Couple milk their way to successMinnesota farmers to use robotic method with cows.
By: Mikkel Pates, Forum Communications Co.
CHANDLER, Minn. — It’s been called Middleroad Acres since the 1930s.
That’s because the farmstead is bisected by a township road. But Bill and Merri Post, who run the 120-cow milking operation, also will be in the high-tech fast lane before Christmas, with the help of milking robots. The Posts are among dozens of farms in the region to use the systems, compared with none five years ago.
It’s a big step for Bill, 44, who has been milking since he was 10 years old in stanchion barns. The couple lives on property that has been in Bill’s family since the 1930s. His older brother, Ben, farms a mile and a half away and also dairies. The Posts have been thinking about robotic dairying for about eight years.
For a couple in their 40s, it was a question of whether to expand or get out of dairy. Milking in the stanchion — kneeling and bending — had been increasingly hard on Bill’s body. “We knew we needed to do something different,” he says. “We needed to do something that helped our cows. This fit.”
“We thought, do we go into beef? What do we do?” Merri says. Beef would be a problem because they wouldn’t have sufficient pasture.
Bill and Ben farm about 1,200 acres, with corn, soybean and alfalfa in rotation. Most of it is owned within the family.
“I asked my husband, ‘Walk with me through the day that we would sell our dairy cows.’ And we realized that wasn’t an option for us,” Merri says.
The Posts were sold on robotics when Gorter’s Clay and Dairy Equipment in Pipestone, Minn., the local Lely Inc. equipment distributor, took them to Canada to look at a robotic dairy in 2007.
“I thought everybody should have two,” Bill says, smiling. “The way the cows worked with the robots. The cows were very mild-mannered. They went to get milked when they wanted to go. Nobody was chasing them around.”
Merri, who grew up five miles away on a dairy farm in Edgerton, Minn., agreed. She is a licensed practical nurse who in 2002 took an off-farm job as a coordinator with the Southwest Minnesota Dairy Profit Group, part of a nonprofit grant program through the Minnesota Department of Agriculture.
Bill likes working with one herdsman and has had the same one for more than 10 years. If he had many more cows, he’d be managing people, and not the cows, he says.
“It’s just going to help us manage light years even better,” Merri says.
The machines do a number of things that ordinary equipment and employees don’t. For example, they check electrical conductivity of the milk so the dairyman catches the onset of mastitis disease more quickly. The cow is weighed every time she milks. Rumination collars monitor how much the cow chews her cud to watch for sickness. The collars also monitor how much the cow moves around, which indicates whether she is in heat.

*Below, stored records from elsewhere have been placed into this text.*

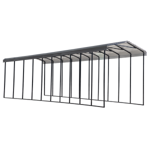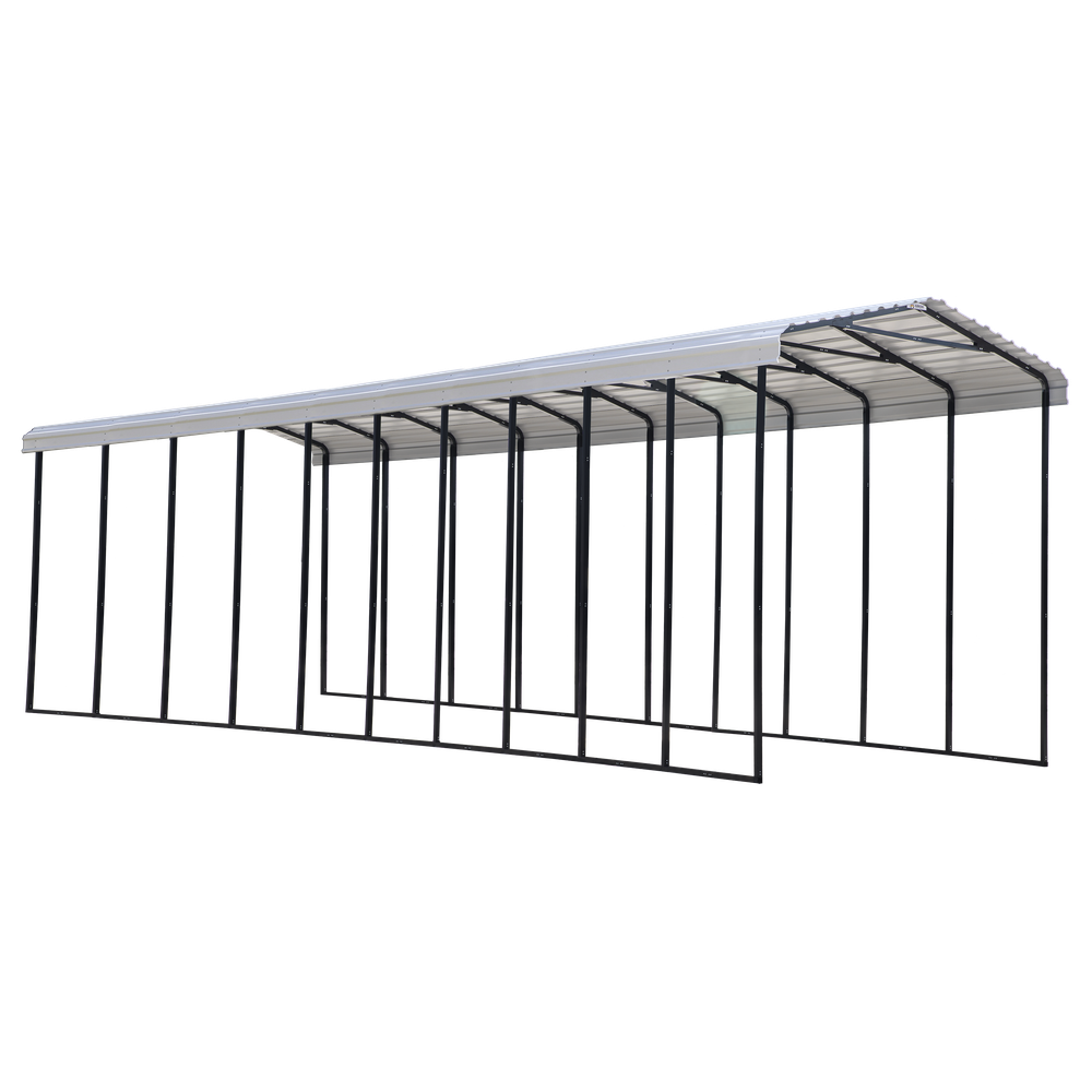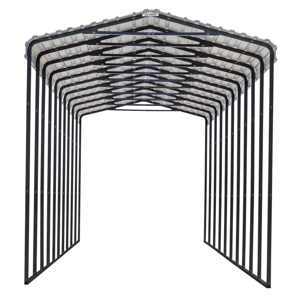 The all-steel RV Carport from Arrow is a convenient, all-weather shade and shelter solution that's versatile and practical. The Arrow Steel RV Carport with Metal Cover is equipped to protect a variety of vehicles including your RV, Motorhome, Camper, Truck, Tractor or 5th Wheel camper. Each Arrow RV Carport is made strong with a wind and snow load rating, meaning they are designed to take on tough weather and snow storms. The 14 foot high Metal cover is made from galvanized steel to offer your vehicle years of protection from the weather and harmful UV rays. The steel frame is durable and is made with a powder coating finish to protect the carport for extended corrosion protection. Easy to install, the Carport comes with slip-fit connections with pilot holes and self-taping screws making this unit easy to build straight out of the box.
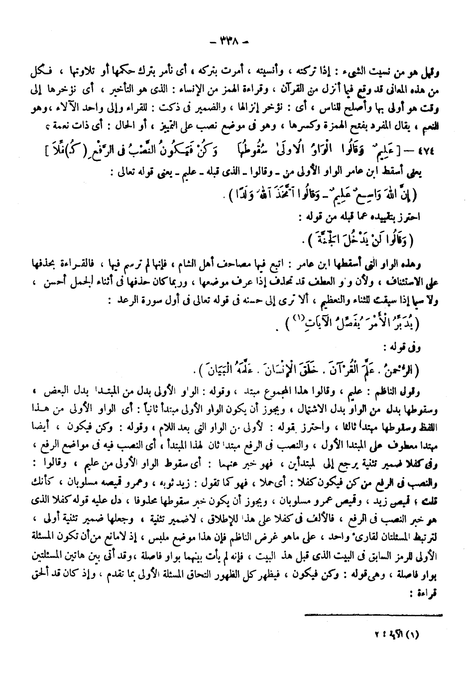 وهذه الواو التي أسقطها ابن عامر اتبع فيها مصاحف أهل الشام؛ فإنها لم ترسم فيها فالقراءة بحذفها على الاستئناف، ولأن واو العطف قد تحذف إذا عرف موضعها، وربما كان حذفها في أثناء الجمل أحسن، ولا سيما إذا سيقت للثناء والتعظيم ألا ترى إلى حسنه في قوله تعالى في أول سورة الرعد: {يُدَبِّرُ الْأَمْرَ يُفَصِّلُ الْآياتِ} 1، وفي قوله: {الرَّحْمَنُ، عَلَّمَ الْقُرْآنَ، خَلَقَ الْإِنْسَانَ، عَلَّمَهُ الْبَيَانَ} ، وقول الناظم: عليم، وقالوا هذا المجموع مبتدأ وقوله الواو الأولى بدل من المبتدأ بدل البعض وسقوطها بدل من الواو بدل الاشتمال ويجوز أن يكون الواو الأولى مبتدأ ثانيا أي الواو الأولى من هذا اللفظ وسقوطها مبتدأ ثالثا، واحترز بقوله الأولى من الواو التي بعد اللام، وقوله: وكن فيكون أيضا مبتدأ معطوف على المبتدأ الأول والنصب في الرفع مبتدأ ثانٍ لهذا المبتدأ أي النصب فيه في مواضع الرفع، وفي كفلا ضمير تثنية يرجع لى المبتدأين فهو خبر عنهما أي سقوط الواو الأولى من عليم، وقالوا: والنصب في الرفع من كن فيكون كفلا أي حملا فهو كما تقول زيد ثوبه وعمرو قميصه مسلوبان كأنك قلت قميص زيد وقميص عمرو مسلوبان ويجوز أن يكون خبر سقوطها محذوفا دل عليه قوله: كفلا الذي هو خبر النصب في الرفع فالألف في كفلا على هذا للإطلاق لا ضمير تثنية وجعلها ضمير تثنية أولى لترتبط المسألتان لقارئ واحد على ما هو غرض الناظم فإن هذا موضع ملبس؛ إذ لا مانع من أن تكون المسألة الأولى للرمز السابق في البيت الذي قبل هذا البيت فإنه لم يأت بينهما بواو فاصلة، وقد أتى بين هاتين المسألتين بواو فاصلة وهي قوله: وكن فيكون فيظهر كل الظهور التحاق المسألة الأولى بما تقدم وإذ كان قد ألحق قراءة:
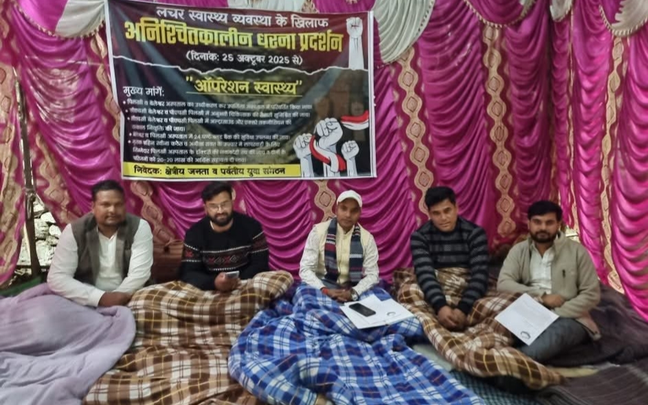 अस्पताल में स्वास्थ्य सुविधाओं की मांग को लेकर युवा नेता सन्दीप आर्य, जिला पंचायत सदस्य, हड़ियाना मल्ला श्री विक्रम सिंह घनाता, जिला पंचायत सदस्य चक्रेडा श्री अनुज शाह, सामाजिक कार्यकर्ता श्री हरीश रावत, युवा नेत्री सुनीता रावत, लोक गायक श्री शांति श्रीवान, क्षेत्र पंचायत सदस्य श्री पुरषोत्तम, मुकेश आर्य, क्षेत्र पंचायत सदस्य श्री नित्यानंद कोठियाल, श्री नरेंद्र रावत जी, श्री शूरवीर सिंह रावत, संजय शाह आदि शनिवार को अनिश्चतकालीन धरने पर बैठ गए।
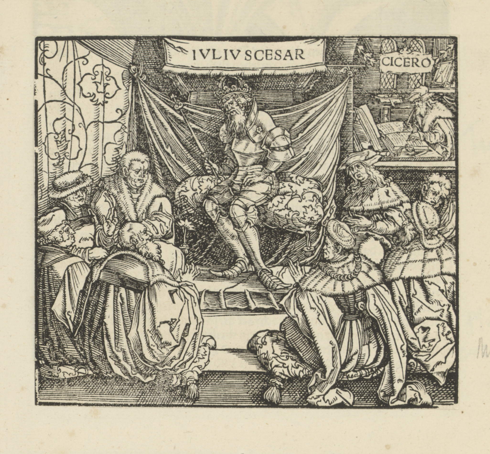 Julius Caesar in een raadsvergadering en Cicero schr...
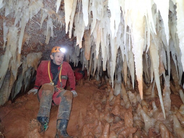 Nous traversons, presque en ramping sur le dos, une sphère de stalactites, une vraie forêt de sabres. Nous sommes fascinés.
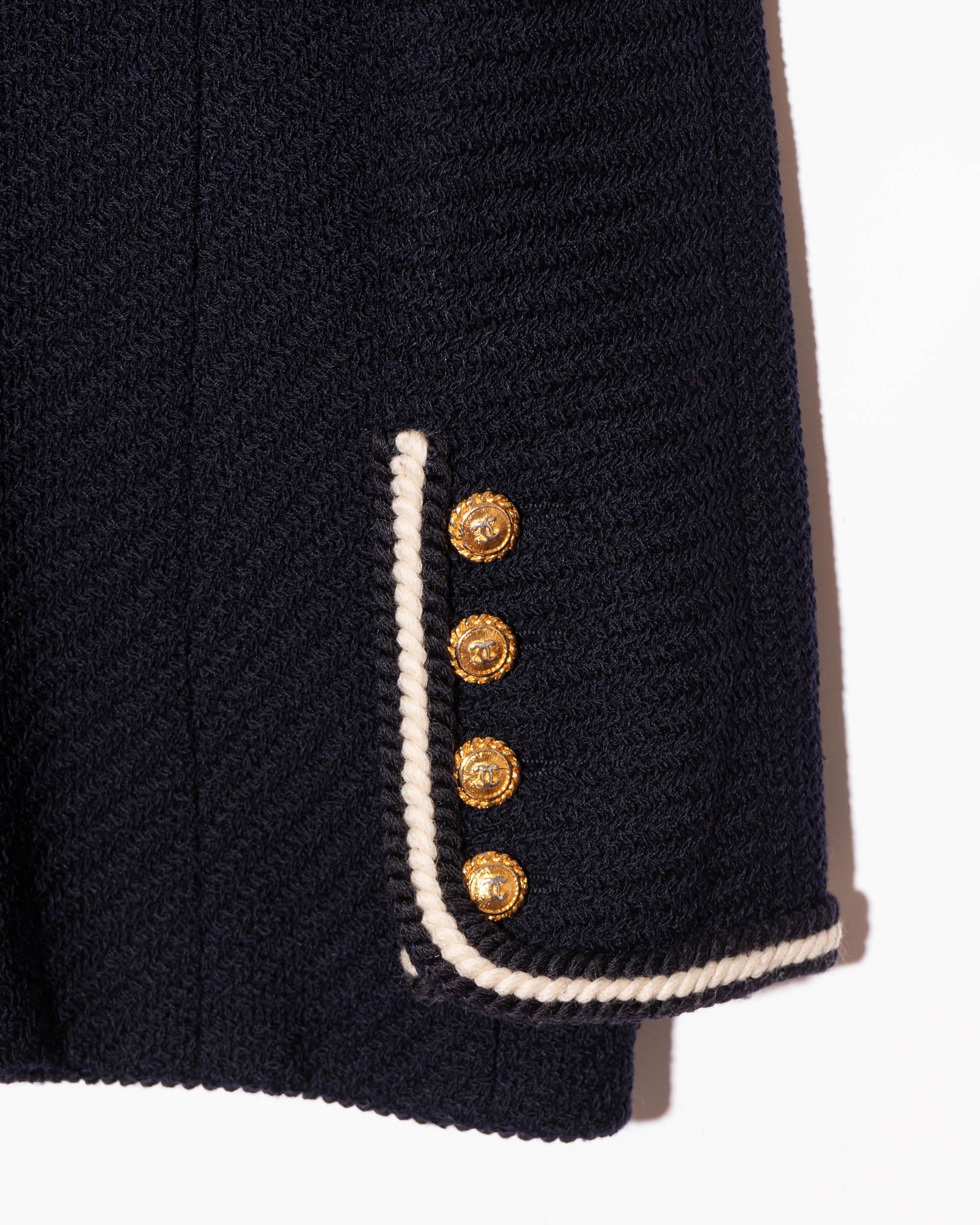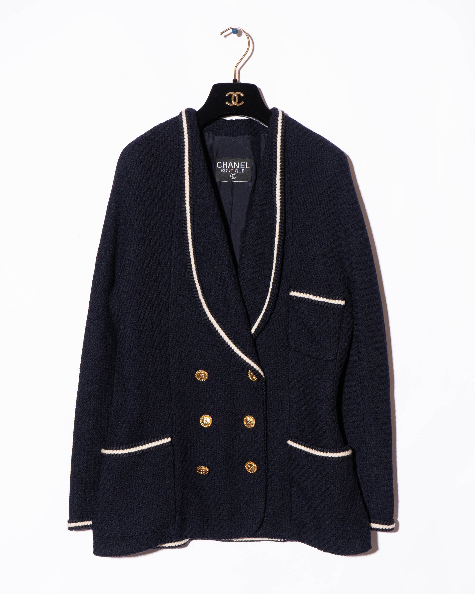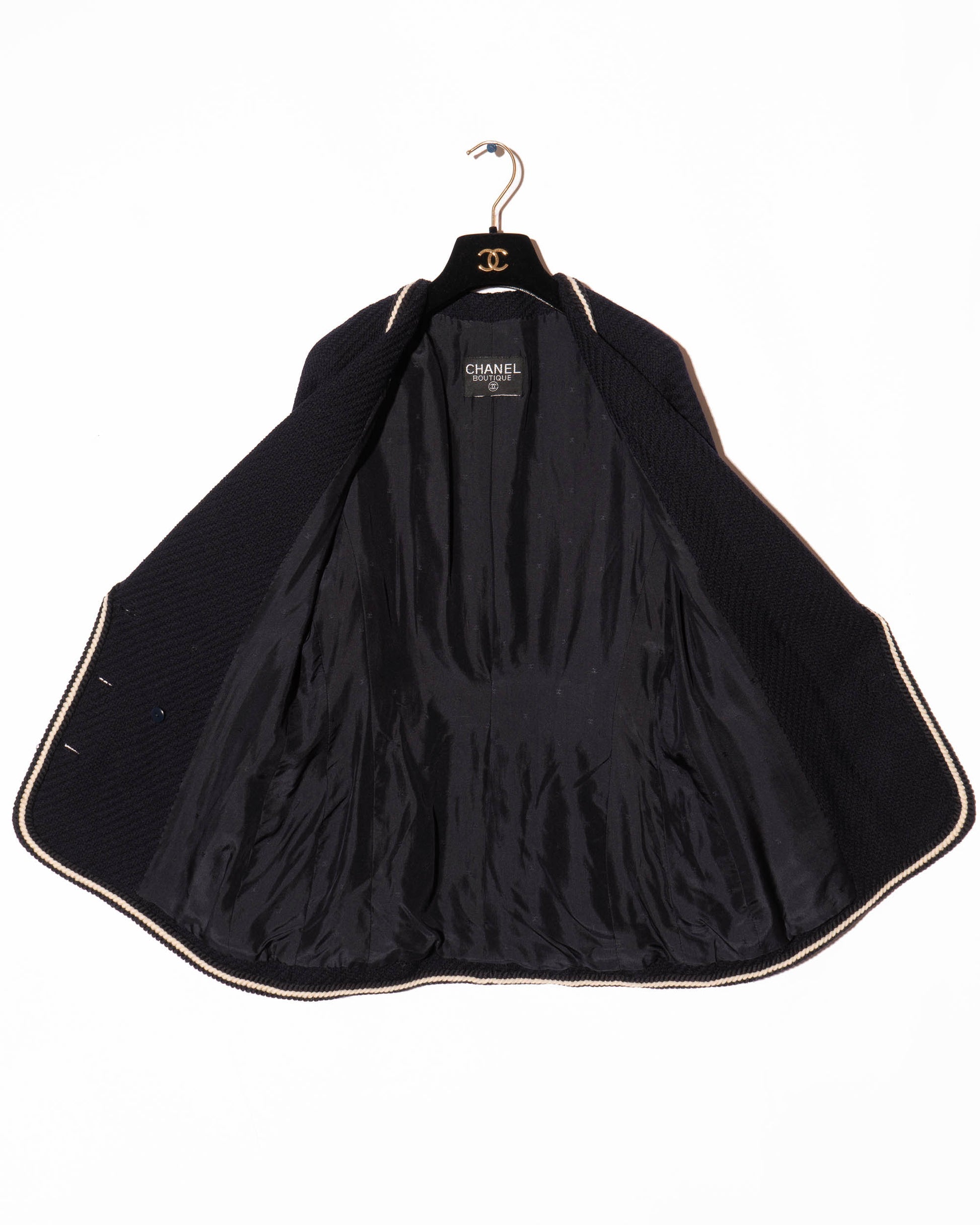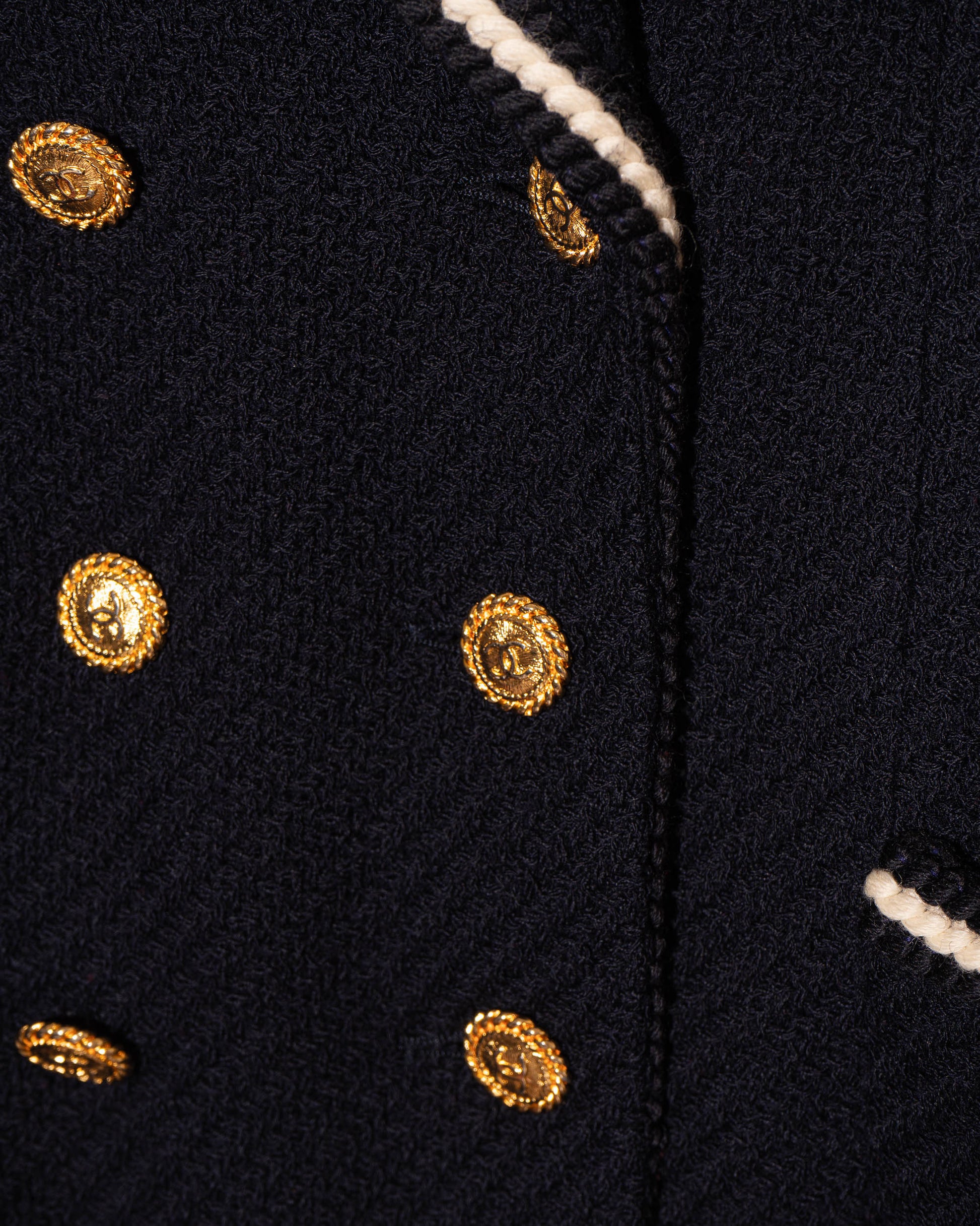 FR38-40 Chanel Fall 1988 Double Breasted Contrasting Trim Dark Navy Wool Tweed Jacket

“I assume the routine is going to change dramatically,” Bill says of the transition. “Right now, we spend five hours a day milking — 6 a.m. and 5 p.m. With the robot, we’ll still be in the barn, still feeding, but we won’t have the milking chores. The milking will take place all day long, except for a half hour a day when we’re shut down for cleaning, and analyzing data coming from the robots.”
If Bill has to be gone for a day, milking becomes a chore that Merri can handle.
The Posts have the robotic dairy set up so expansion can be done more easily if their children want to come home to join the business. “If they don’t, it’s something Bill and I can handle. It’s something that was really important to us.”
Sarah is 17, and Jacob is 15. Both are involved in 4-H and have cattle and horse projects. Both love the farm, but will pursue college and an off-farm job before coming home. Each of them actually owns a cow in the barn, so they learn the business and have a vested interest.
“They get paid for milk off that cow and for any calves — bulls or heifers out of that production,” Merri says. “Their breeding decisions matter.”
“I don’t want the kids to come home because we have robots,” Bill says. “I want them to come home if they want to dairy. There’s times when milk prices are tough and you have to enjoy things other than the income. Sometimes you get up in the morning and see a newborn calf. That might be the best part of your day.”